The wrapper only triggers when you're inside a mount (it looks for the `.smfs` marker file at the mount root). Outside a mount, `grep` stays normal. Inside a mount, any flag you pass falls through to the real `grep`.
</Accordion>
<Accordion title="Can I install SMFS on Windows?" icon="circle-help">
Not yet. SMFS supports macOS (arm64, x64) and Linux (arm64, x64) for now. Windows isn't on the v0 roadmap.
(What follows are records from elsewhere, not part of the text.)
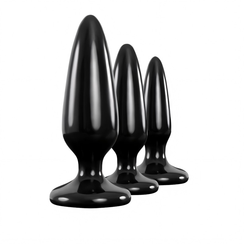 Your training starts today with Renegade's Pleasure Plug Trainer Kit. Featuring three varied sizes of sturdy, tapered plugs, this training kit provides a safe and enjoyable way for you to expand your sexual horizons.
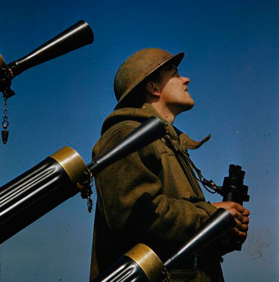 Crédito: (*) «The Royal Navy in the Second World War TR100.jpg» por Royal Navy official photographer, con descripción «A sailor on watch, wearing a duffle coat, steel helmet and holding a pair of binoculars, beside a quadruple Vickers 0.5in anti-aircraft gun, 1942», liberado bajo la Licencia no comercial del Imperial War Museum (IWM Non Commercial Licence). Esta imagen está en el dominio público debido a que fue creada por el Gobierno del Reino Unido y se encuentra bajo la normativa de Crown Copyright, que expira 50 años después de su creación.
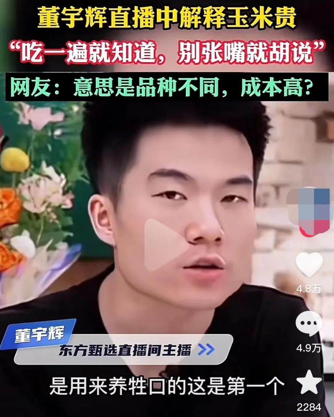 东方甄选阵营中,有人用市场经济理论论证中间商赚差价的合理性、有人现身说法成很多廉价玉米就是喂牲口的,有人抨击生产商东北农嫂见利忘义背刺插刀捡了芝麻丢了西瓜。
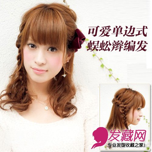 这款发型表现出甜美和青春的形象,却不乏温柔。慵懒的发丝,让整个头型和背影显得更协调,利用优雅发饰的衬托显得更加迷人。耳际两边短短的刘海和头顶蓬蓬的弧度,放在耳前很有修饰小脸的效果,甜美指数直升!
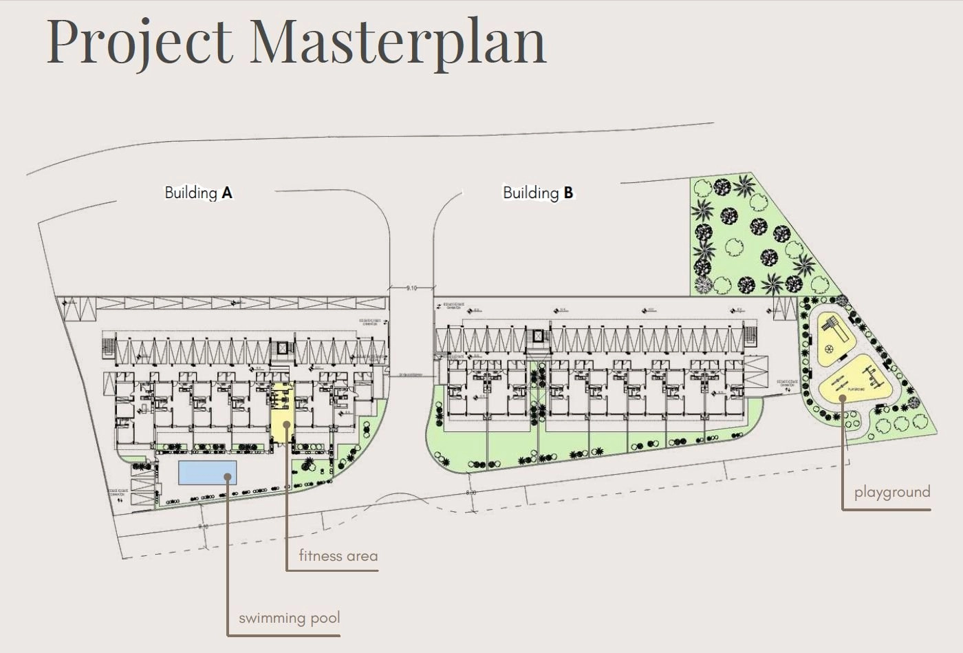 ✔ Residents-only fitness areas (Buildings A & B)
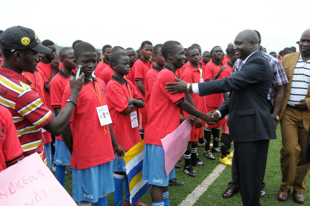 FUFA President Lawrence Mulindwa shakes hands with participating players at the official opening of his Presidential U16 Youth Cup at the Technical Centre in Njeru.
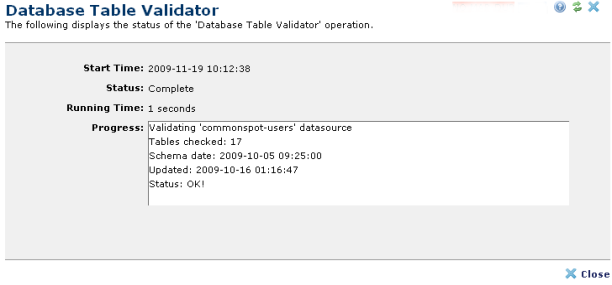 Use this utility to validate the database schemas against the current version of CommonSpot without upgrading or manually calling a file.
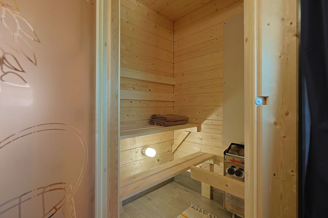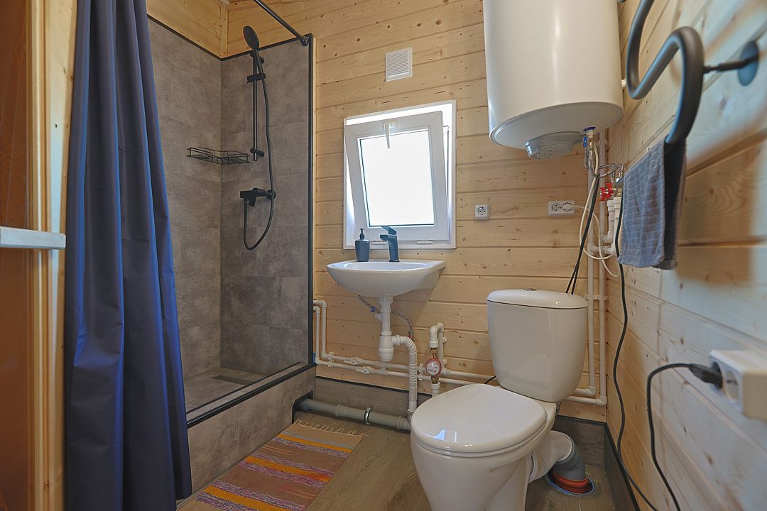 В санузле, помимо душевой кабины, есть электрическая сауна на 1-2х человек, и, конечно, горячая вода круглый год.
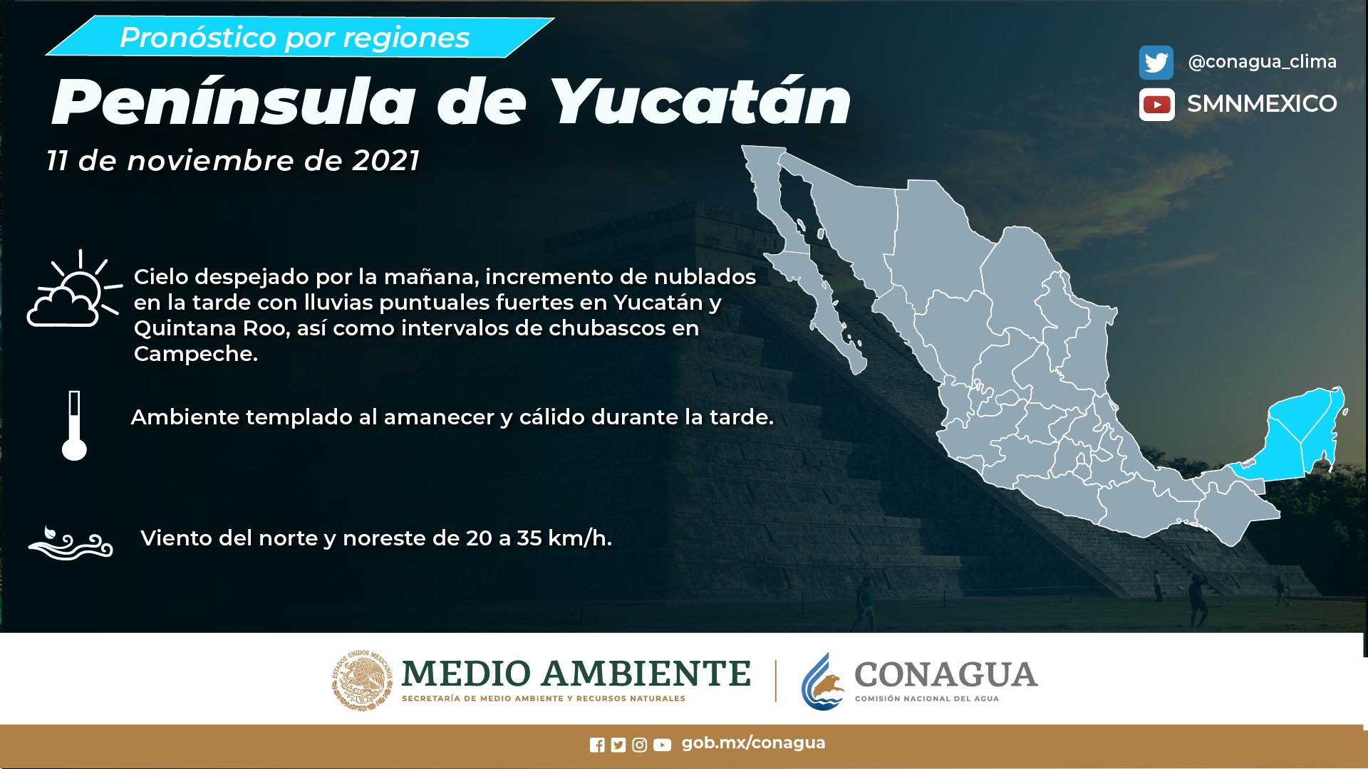 En el video #Pronóstico del #SMNmx te informamos las condiciones del tiempo para esta noche y madrugada. pic.twitter.com/vMRWHJGSIK— CONAGUA Clima (@conagua_clima) November 11, 2021

On Windows, use the [Bash Tool](/smfs/bash-tool) instead. It runs anywhere TypeScript runs and gives your agent the same `ls`, `cat`, `grep`, `sgrep` surface without needing a mount.
</Accordion>
<Accordion title="My cache feels stale or out of sync" icon="circle-help">
Re-mount with `--clean` to wipe the local cache and pull everything fresh from the API:
```bash
smfs unmount agent_memory
smfs mount agent_memory --clean
```
Nothing on the server changes; only the local SQLite cache gets reset.
</Accordion>
<Accordion title="Can two agents on the same machine share a mount?" icon="circle-help">
Yes. Once a container is mounted, anything on that machine can read and write through the mount path. The constraint is one mount per container tag per device. Mount it once, point both agents at the same folder.
</Accordion>
<Accordion title="Can two separate sandboxes use the same container?" icon="circle-help">
Yes, absolutely. Mount the same container tag from each sandbox. Bidirectional sync keeps everything in step as either side writes, so Agent A in sandbox 1 sees Agent B's writes from sandbox 2 within a sync interval.
To avoid stepping on each other, give each agent its own subdirectory (`/agent_a/`, `/agent_b/`, etc.). They can still read across the whole mount, cross-reference each other's findings, and build on each other's work. The shared container is the point.